US Treasury: Hedge Fund Rules Sufficient





U.S. regulators don't need new legal powers over hedge funds in order to protect investors or guard against 'systemic risk,' the assistant Treasury secretary for financial markets, Anthony Ryan, said. 'If the solution were as simple as granting additional regulatory authority, regulators would have certainly asked for it,', assistant Treasury secretary, told about 200 hedge fund managers and executives meeting in Greenwich.

'The fact of the matter is at this time, no regulator feels that it needs regulatory authority to achieve its goals of protecting investors or mitigating systemic risk.'

Hedge funds can invest in anything from commodities to real estate. Some hedge funds buy entire companies; others act like day traders and buy and sell stocks, but with billions of dollars at stake.

There are more than 9,000 hedge funds in the U.S. They traditionally have catered to the rich, but increasingly are luring less wealthy investors. Given their willingness to take on large risk for big rewards, hedge funds have been drawing increased scrutiny now that they have taken on a broader class of investors, including pension funds and university endowments.

The industry's future was discussed Tuesday at a forum sponsored by the Connecticut Hedge Fund Association and the state of Connecticut, which is home to many hedge funds.

Ralph Lambiase, director of the securities and investment division for the Connecticut Department of Banking, told the group that efforts to regulate the industry are driven more by emotion than common sense. 'I don't think that anyone here wants us to impose heavy-handed regulations,' Lambiase said.

In December, the Securities and Exchange Commission proposed an anti-fraud rule for hedge funds, making it clear the agency will pursue fund managers for improper activity. Although the SEC lost a federal court ruling last year that would have put hedge funds under its supervision, its narrower changes are not expected to be open to legal challenge.
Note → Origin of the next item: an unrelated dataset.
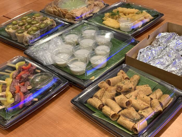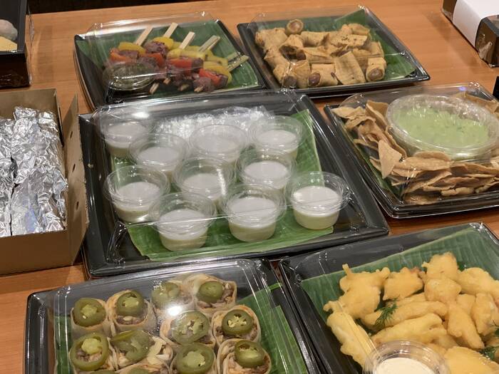 一人分ずつ小分けにされている料理もあり取り分けやすく、また、タコスは好きなものを入れて食べられるので参加者も会話を楽しみながら

Under SEC rules in effect since 1982, an individual must have at least $1 million in net worth or annual income of $200,000 to qualify to invest in a hedge fund. The SEC has proposed raising minimum requirements so that an individual's assets would have to include at least $2.5 million in investments, excluding a personal residence.

The Bush administration, meanwhile, is pushing for increased vigilance instead of new rules. The President's Working Group, formed after the 1987 stock market crash, last month recommended guidelines they said should be followed by fund investors and institutions such as banks and brokerage houses that do business with the funds.

The guidelines stress the need for more information so investment decisions are based on accurate and timely assessments.

A congressional hearing on hedge funds and the proposed guidelines is expected this spring.